Data Source Write Back:
Ability to write the transformed data back to the source from which the data was initially extracted is now becoming more common. Many of the new age tools are now allowing users to write back the data either as new records or updates to existing ones.
Metadata Catalog:
Data Virtualization tools primarily support two types of Metadata:
Design and configurations: These include Metadata related to source systems, mapping of the source systems with creation of logical data objects during design, and run-time execution data. This could be stored either in an XML or a proprietary format. This also helps in sharing the Metadata with other data management tools performing data quality, ETL, or Master data management functions. Additional catalog: The design and configuration data may need to be queried sometimes. Most tools provide additional cataloging features which enable business users to tag and categorize the Metadata elements. Frequent Metadata queries can be saved in addition.

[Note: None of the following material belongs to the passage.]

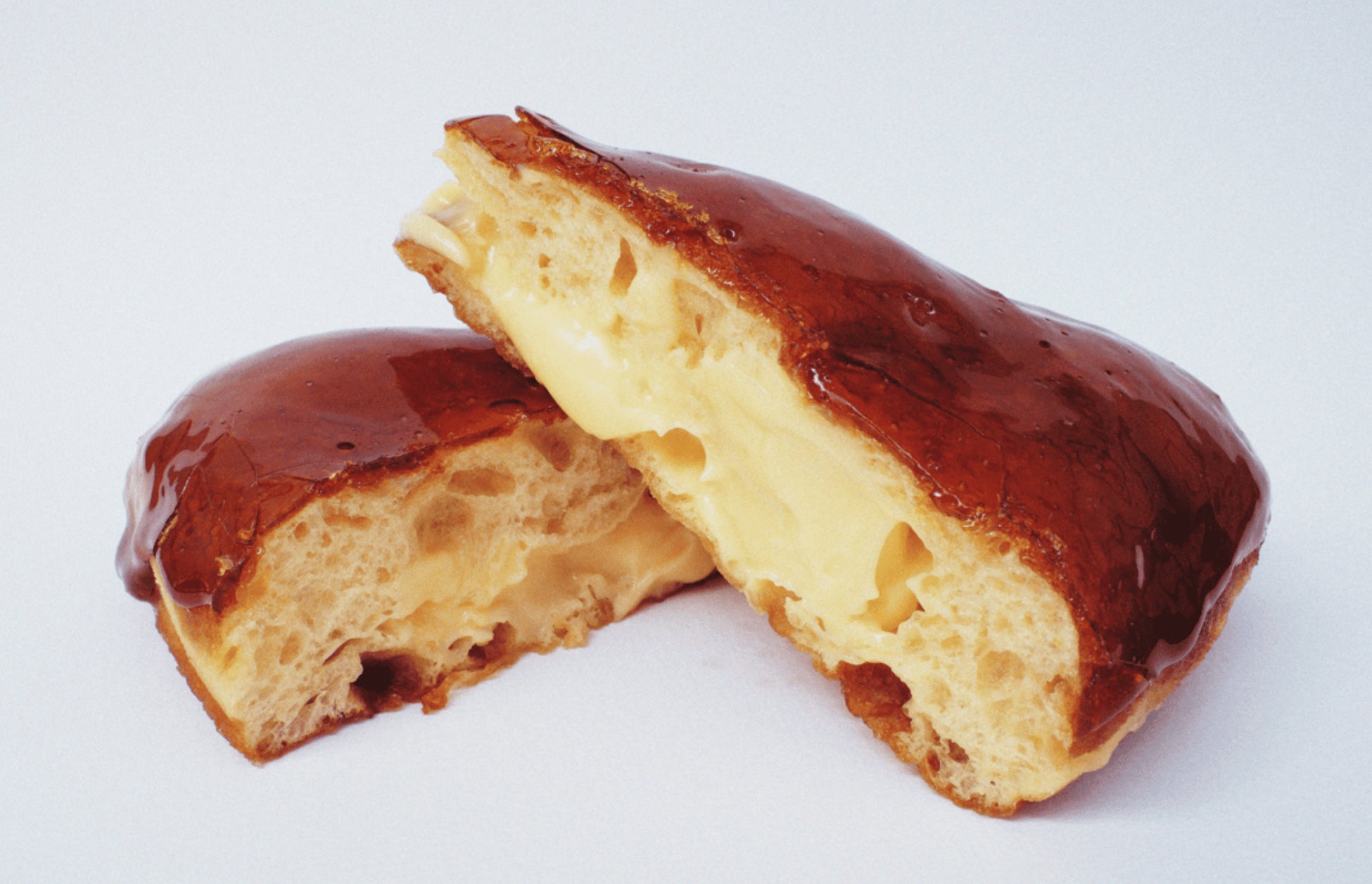 ~ カリッとしたカラメル、ふわっとした生地、とろりとした手作りカスタード。3つの食感が楽しめるさんかくのドーナツ ~
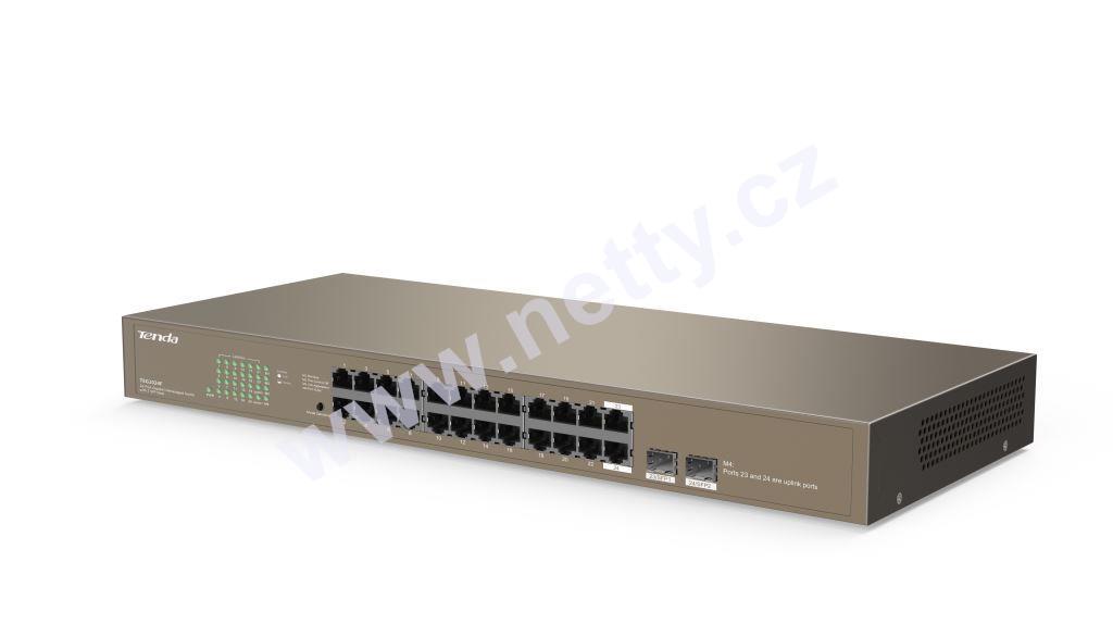 Tenda TEG1024F je 24ti portový Gigabitový Ethernet switch s 2x SFP sloty. 22 portů 10/100/1000 Mb/s + 2x Combo SFP/RJ45 1000 Mb/s. Fanless, bez ventilátorů. Rackmount, velikost switche 19". Ochrana proti přepětí 6 kV. Přepínání VLAN, Aggregation, Flow Control, Standart. Kovový obal.

Making Strides with Agile Data Architecture
Today’s organizations are increasingly leveraging data virtualization for Data Services for Underwriting Desktop, Agile Sales Reporting, Risk Analytics, Operational Effectiveness, Advanced Customer Analytics, Risk Data Aggregation, Mergers, Acquisitions, Migrations and to insure against risk during legacy modernization. Data Virtualization is also finding a place in several horizontal use cases like providing controlled access to data for data governance, analytics, data lake/Big Data, cloud solutions, and data services etc.
Given its ability to be part of multiple data-related use case architectures, data virtualization is a unique technology. It is likely to see more innovations and large-scale adoption in a very short time.